I do not have ethical concerns about this submission.

评论- Reply to Official Review by Reviewer Msao (2/2)

2023-11-18

Questions

[Q1] For the baselines in Sec. 4.3, how many points are sampled from the mesh surface before sending into the encoder?

We apologize for the oversight of not mentioning this explicitly. We send all of the mesh vertices into the encoder. Along with using raw data for training and testing, we found it would be helpful to be able to have an architecture that is agnostic to the number of input points. We have extended the other baselines to be able to do the same, as their underlying methods, e.g. PointNet or occupancy-driven CNNs are also agnostic to the number of input points. The same holds true for our presented network architecture.

As we show in our results, and especially on the datasets with wildly varying vertex counts (ShapeNet and Thingi10k), it is quite possible to achieve good results using a variable number of input points. That being said, additional points for training are sampled in the manner described in Section 3.3 on page 5.

[Q2] In page 6, "Competing methods" paragraph, it is stated that the baseline methods are equipped with the same SIREN decoder as used in the proposed method. Does this yield a better performance than the original version of these models using their own decoder?

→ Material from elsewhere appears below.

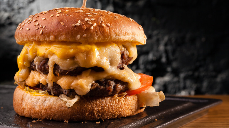 During an interview with the Food Network, Flay revealed his special process to get the cheese melted perfectly. It's not a mind-blowing method by any stretch of the imagination, but it always works. Flay melts the cheese right onto the cooking burger itself, as opposed to adding it at the last second after its departure from the grill. "Melt the cheese completely," he suggests. "Use two slices of cheese — I like classic American — and close the lid to allow the cheese to get nice and melty." Obviously you can use whatever kind of cheese you want, but just make sure to toss a couple of slices directly onto the meat to achieve ultimate gooeyness.
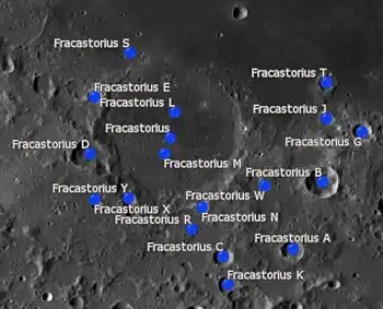 Por convención estos elementos son identificados en los mapas lunares poniendo la letra en el lado del punto medio del cráter que está más cerca de Fracastorius.

It was in our opinion the fairest way to do the comparisons. As was shown in previous papers on using network derivatives, ReLU activations (usually employed in the other baseline decoders) typically perform worse than sin activations. While it might be possible to yield better results when training the baseline methods on very densely sampled ground truth signed distance values, as used to be done in the past, our method obviates the need for these values to be precomputed. We believe it was therefore not possible to use the decoders of the respective methods in a "fair" way, without compromising the comparison in one way or another.

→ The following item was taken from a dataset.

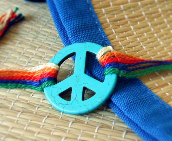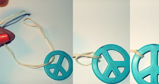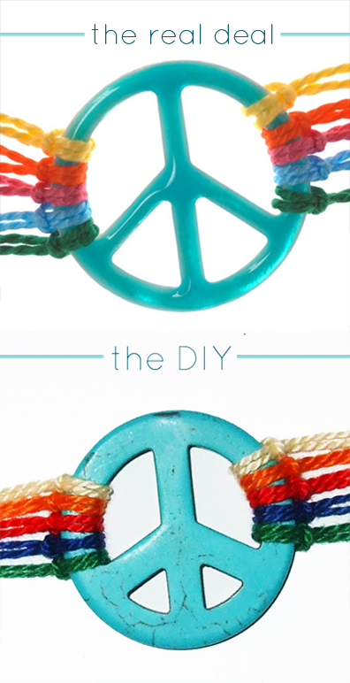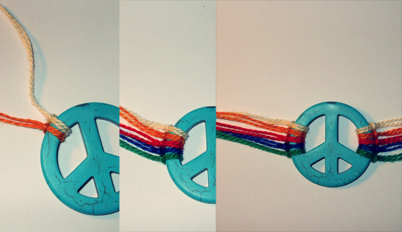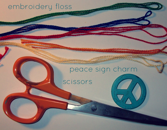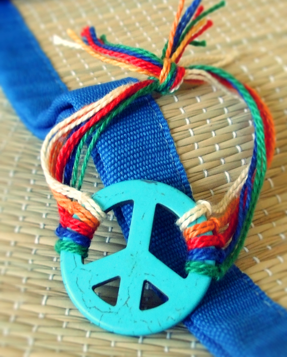 All that's needed is a large peace-sign pendant, and some embroidery floss. Too easy, too cool!

[Q3] In page 5, paragraph below Eq. 2 states that the last two terms in Eq. 2 are redundant but can improve training. Is there experimental results that support this argument?

In tests leading up to the solution for flipped surface normals, we have attempted to entirely remove the loss specifying the direction of the surface normal. This however resulted in less detailed and more "washed-out" surfaces. In early tests we have also observed, that removing the exponential term which "pushes" non-zero SDF values away from the surface, resulted in slightly noisier SDF values far away from the surface. In early tests, it could also cause convergence issues during training at times, yet at that time the architecture had not been finalized and the error could have originated from other sources. We will consider running experiments to support this claim but will remove it from the paper for the time being.

2023-11-23

Thanks to the authors for the detailed clarifications and the experimental results unlisted in the original submission. My questions are mostly addressed by these arguments and would suggest adding these nice arguments to the final version.

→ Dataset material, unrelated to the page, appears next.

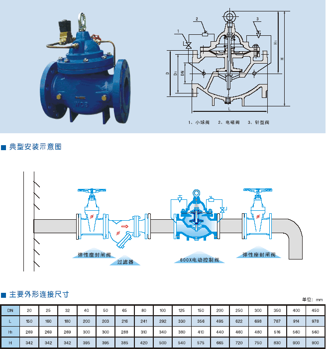 600X電動控制閥是一種以電磁閥為向導閥的水力操作式閥門。常用于給排水及工業系統中的自動控制,控制反應準確快速,根據電信號遙控開啟和關閉管道路系統,實現遠程操作。并可取代閘閥和蝶閥用于大型電動操作系統。閥門關閉速度可調,平穩關閉而不產生壓力波動。該閥門體積小、重量輕、維修簡單、使用方便、安全可靠。電磁閥可選用交流電220V,或直流電24V,可根據各種場合選用常開或常閉型均可。

评论- Reply to Official Review by Reviewer Msao (1/2)

2023-11-18

We appreciate the critical feedback and would like to address your concerns about our paper in the following.

Weaknesses

[W1] Motivation: First of all, I'm wondering what's the practical application of the proposed method. [...] On the other hand, given a mesh, one can directly compute the (signed) distance function by computing the distance from the query point to the surface. What's the benefit of introducing a neural network?

See the Authors Statement.

[W2.1] The Eikonal loss is considered as a major technical novelty, but it has been proposed for learning 3D shapes [...] This hurts a major technical contribution of this paper. At least the IGR paper by Gropp et al. should be cited and discussed.

See the Authors Statement.

[W2.2] While the hybrid encoder is interesting, the whole pipeline is more of a straightforward combination of standard modules (as of 2023) [...]. While admittedly this shouldn't be a major weakness per se, it is crucial to have more thorough ablation experiments to validate the intuitive combination. [...] To me, such experiments are critical in validating the technical contributions, but are missing.

See the Authors Statement.

[W3.1] First of all, all baseline methods are from 2020 and do not represent the state-of-the-art performance. For example, POCO (Boulch et al., CVPR 2022) can be considered as a stronger baseline model for reconstructing shapes.

Thank you for suggesting a more recent work as a baseline alternative. While we would also like to compare with this method, the additional complexity of attention-based interpolation of features makes this method more expensive than other baselines. This should not rule the method out per-se, but it definitely makes it harder to justify comparisons with this method, when performance is desirable. We may however revisit this suggestion.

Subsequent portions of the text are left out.